Data provided |
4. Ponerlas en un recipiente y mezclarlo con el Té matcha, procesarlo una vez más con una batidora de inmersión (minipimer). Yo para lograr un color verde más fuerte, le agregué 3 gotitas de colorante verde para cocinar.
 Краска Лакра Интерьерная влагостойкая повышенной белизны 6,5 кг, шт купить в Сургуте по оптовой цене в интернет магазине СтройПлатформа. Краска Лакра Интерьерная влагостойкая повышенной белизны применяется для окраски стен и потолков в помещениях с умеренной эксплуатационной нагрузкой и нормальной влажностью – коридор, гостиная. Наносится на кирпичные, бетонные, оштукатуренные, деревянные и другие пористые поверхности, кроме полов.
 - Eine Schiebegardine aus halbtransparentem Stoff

==

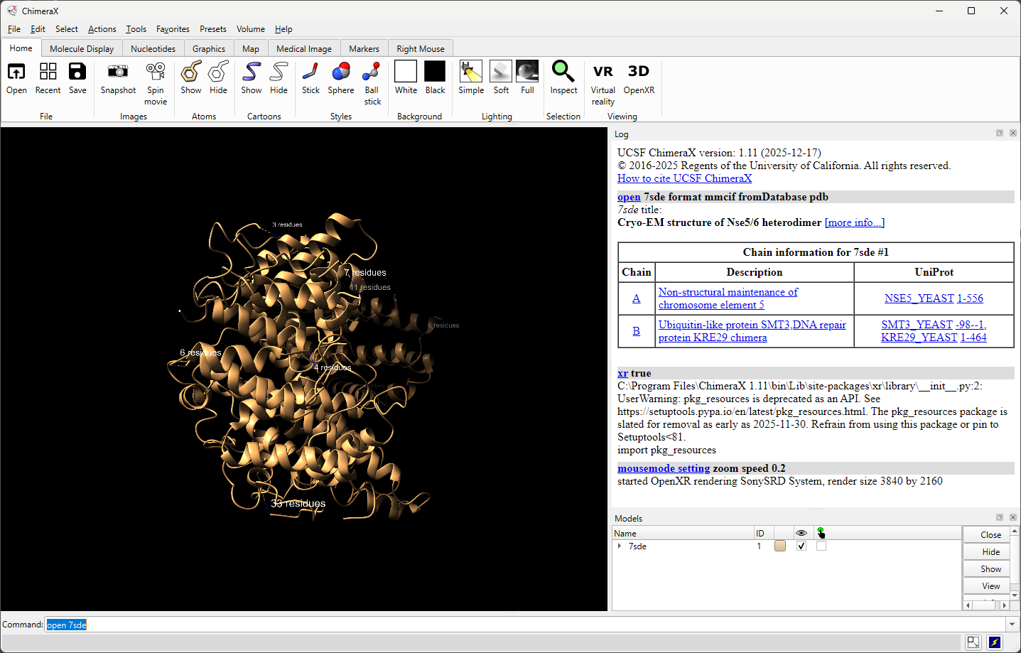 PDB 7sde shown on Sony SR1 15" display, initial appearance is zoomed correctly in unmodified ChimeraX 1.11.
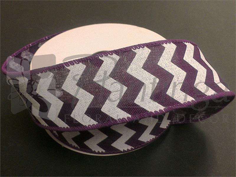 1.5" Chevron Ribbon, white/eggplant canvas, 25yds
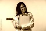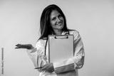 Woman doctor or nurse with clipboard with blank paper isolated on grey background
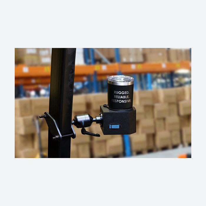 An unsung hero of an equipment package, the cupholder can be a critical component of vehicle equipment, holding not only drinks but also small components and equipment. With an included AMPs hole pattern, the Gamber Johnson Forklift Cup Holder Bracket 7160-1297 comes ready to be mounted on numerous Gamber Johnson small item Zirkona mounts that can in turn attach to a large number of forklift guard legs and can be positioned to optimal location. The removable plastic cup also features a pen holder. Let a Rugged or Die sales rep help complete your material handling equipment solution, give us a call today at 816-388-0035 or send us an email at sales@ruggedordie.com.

---

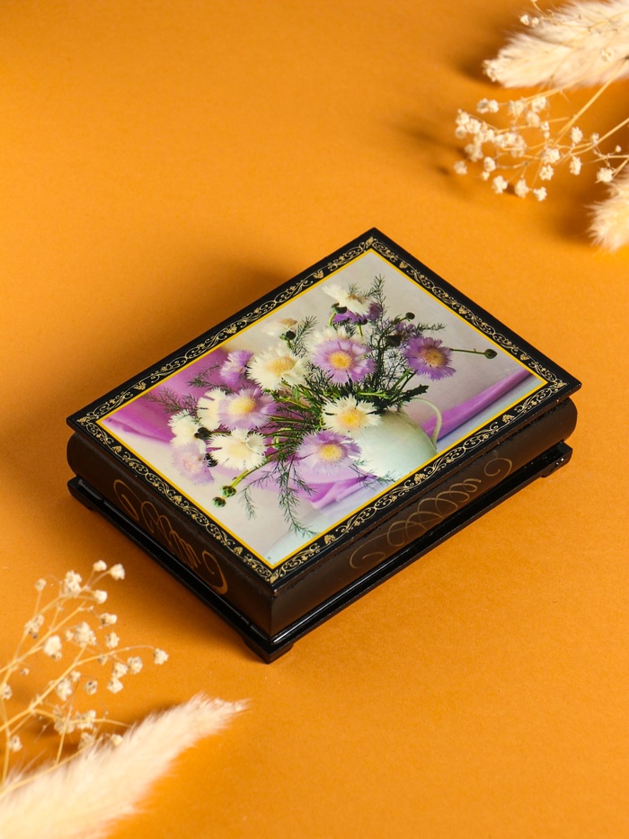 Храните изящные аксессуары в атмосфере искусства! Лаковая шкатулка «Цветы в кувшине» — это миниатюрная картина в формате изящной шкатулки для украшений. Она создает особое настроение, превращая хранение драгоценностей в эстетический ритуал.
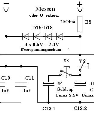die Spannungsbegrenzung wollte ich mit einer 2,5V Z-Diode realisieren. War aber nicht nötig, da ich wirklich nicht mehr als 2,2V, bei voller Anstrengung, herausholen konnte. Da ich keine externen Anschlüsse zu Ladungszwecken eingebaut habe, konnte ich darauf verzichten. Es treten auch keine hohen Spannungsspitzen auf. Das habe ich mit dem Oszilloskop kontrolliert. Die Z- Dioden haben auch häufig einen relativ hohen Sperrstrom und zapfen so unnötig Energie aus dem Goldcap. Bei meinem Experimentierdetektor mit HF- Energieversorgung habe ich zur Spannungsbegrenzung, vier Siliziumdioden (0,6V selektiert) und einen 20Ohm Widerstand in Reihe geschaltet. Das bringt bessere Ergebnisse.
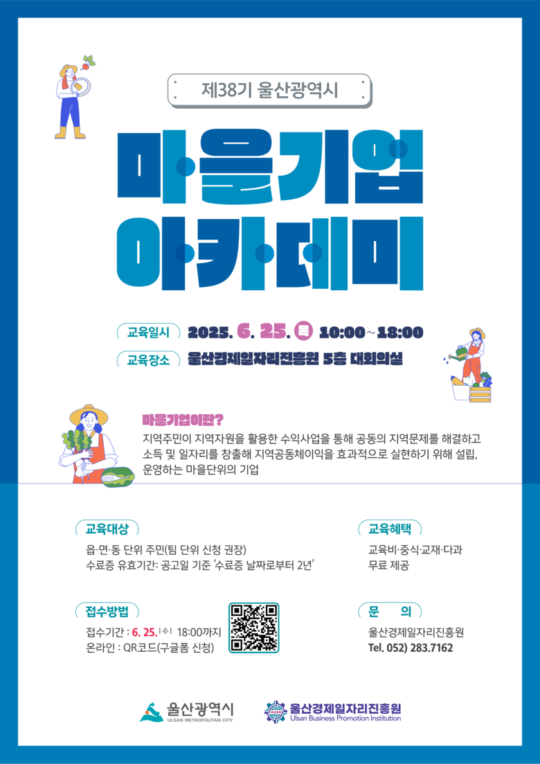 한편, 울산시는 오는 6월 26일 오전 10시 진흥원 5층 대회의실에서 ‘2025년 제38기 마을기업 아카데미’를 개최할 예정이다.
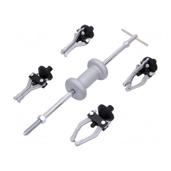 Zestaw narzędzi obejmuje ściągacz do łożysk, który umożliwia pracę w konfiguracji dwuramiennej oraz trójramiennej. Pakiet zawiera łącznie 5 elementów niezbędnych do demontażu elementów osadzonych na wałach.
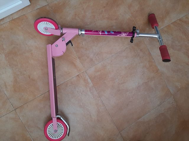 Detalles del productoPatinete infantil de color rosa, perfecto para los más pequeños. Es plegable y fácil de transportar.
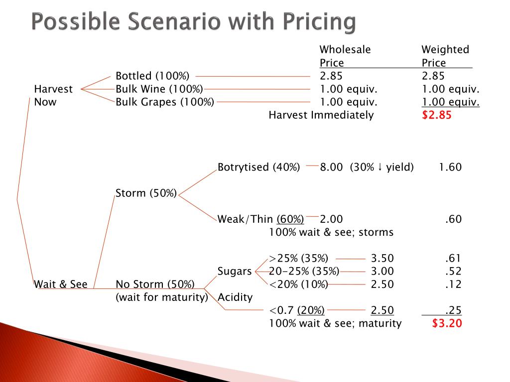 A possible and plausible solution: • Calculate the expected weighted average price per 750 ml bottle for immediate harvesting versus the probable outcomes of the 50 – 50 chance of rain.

What this task involves | The lines above from the line with "Detalles del productoPatinete" through the line with "A possible and" are to be given again word for word, with no pictures among them.

Solved exercise |
 Detalles del productoPatinete infantil de color rosa, perfecto para los más pequeños. Es plegable y fácil de transportar.
 A possible and plausible solution: • Calculate the expected weighted average price per 750 ml bottle for immediate harvesting versus the probable outcomes of the 50 – 50 chance of rain.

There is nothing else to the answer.